Monday, December 19, 2011

Student Loans Abet High Law School tuitions

An eye-opening look at the cost of getting a law degree blames student loans for the ability of law schools to charge about $50,000 per year, when you include living and other expenses along with tuition. David Segal wrote in The New York Times yesterday that when combined with the prestige race pumped up by U.S. News & World Report's rankings, student loans have allowed law schools to disregard affordability.

The focus of the article, however, was the accreditation standards imposed by the American Bar Association. Segal writes that the standards have pretty much guaranteed that graduating lawyers have no choice but to charge high fees for their services.

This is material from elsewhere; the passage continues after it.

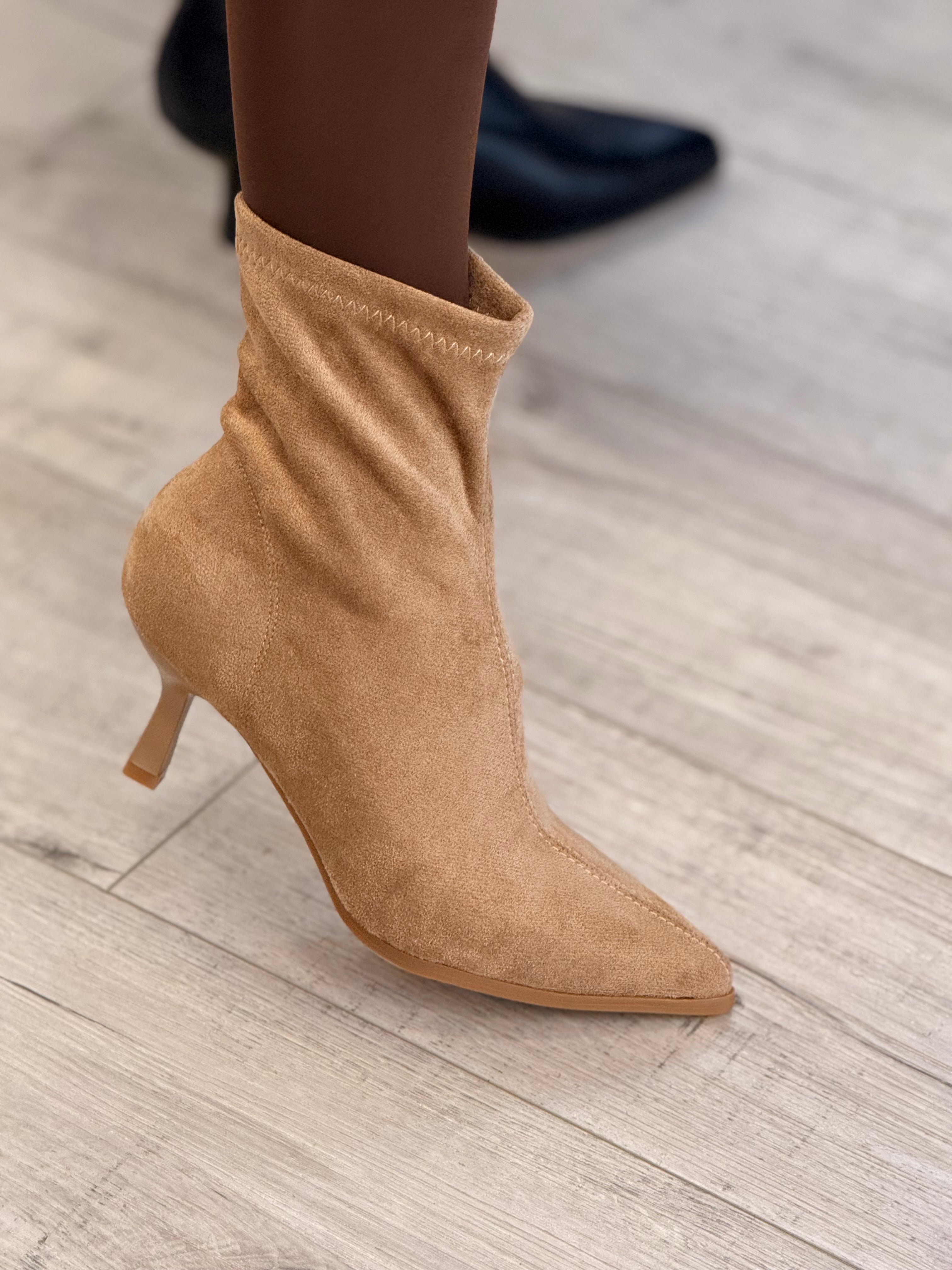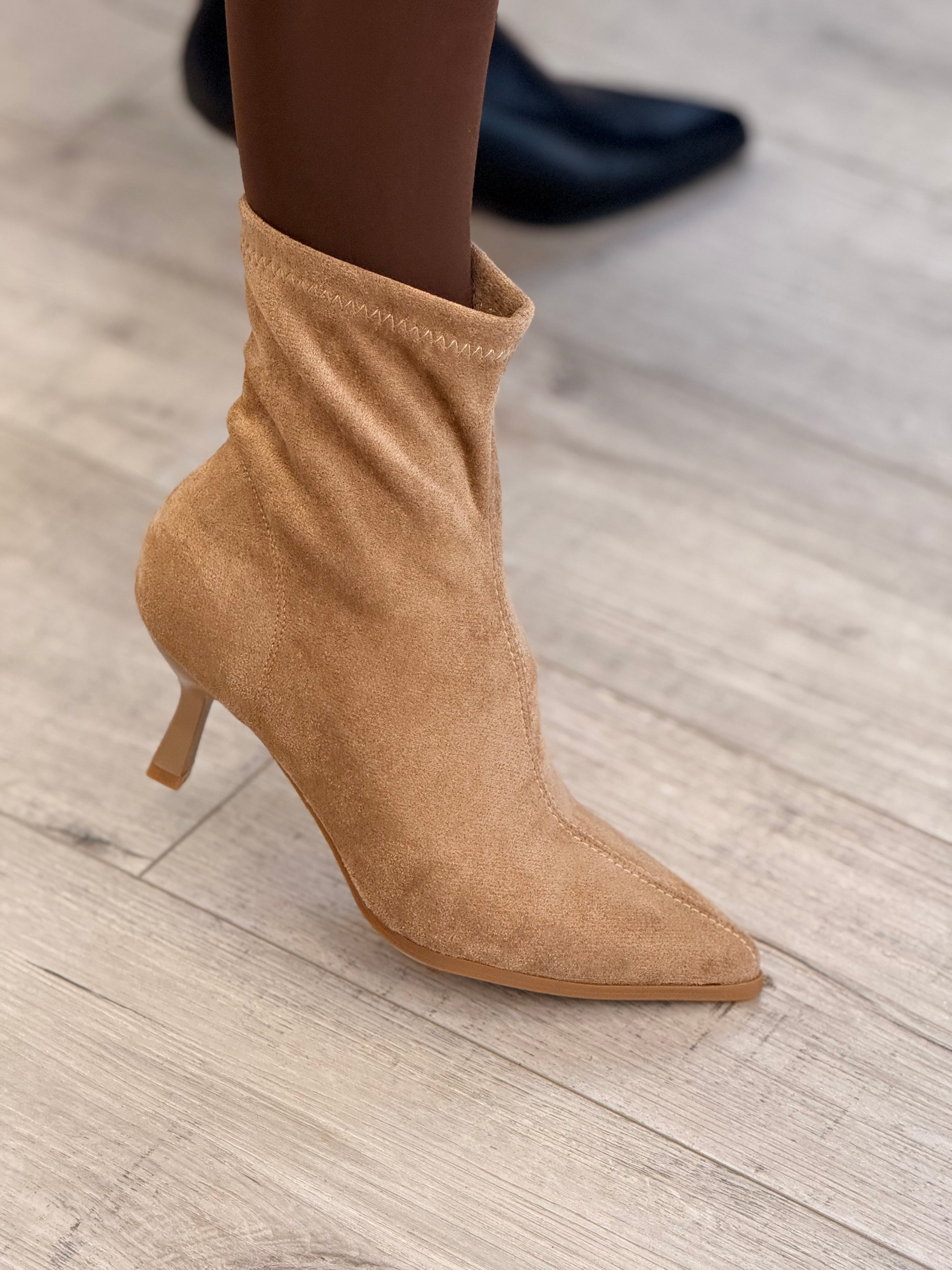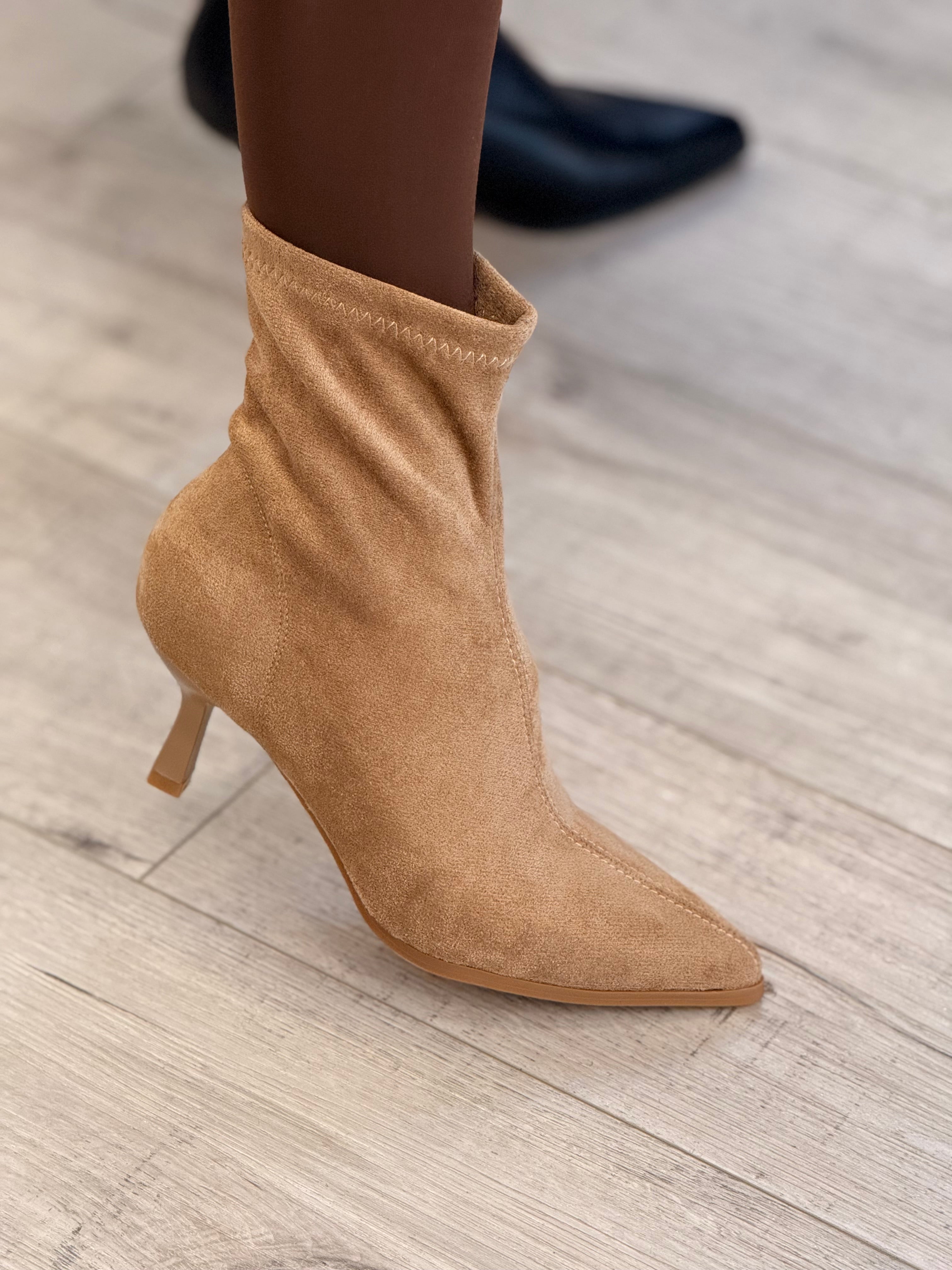מגף עקב אלגנטי בגימור חלק, עם חרטום מחודד ועקב דק ונשי.

If you've ever wanted to sue someone, you already know that unless you're after a minimum of $25,000, you should abandon the idea. It's just not worth it after you calculate what your lawyer will get.

The ABA's stranglehold on legal services prevents the U.S. from having categories of legal professionals who can charge less than lawyers who've passed the bar. In Britain there are other less expensive alternatives like legal executives who can appear before courts and represent clients in different sorts of matters.  Without having done any exhaustive research on the subject, it sounds like they are something like the legal version of physician assistants.

The bottom line is that although we all joke about lawyers and lament that there are too many of them, consumers could definitely benefit from access to less expensive legal help. Instead, anyone who dispenses legal advice without having gone to an ABA-accredited school (except in a few states like Tennessee) is breaking--you guessed it--the law.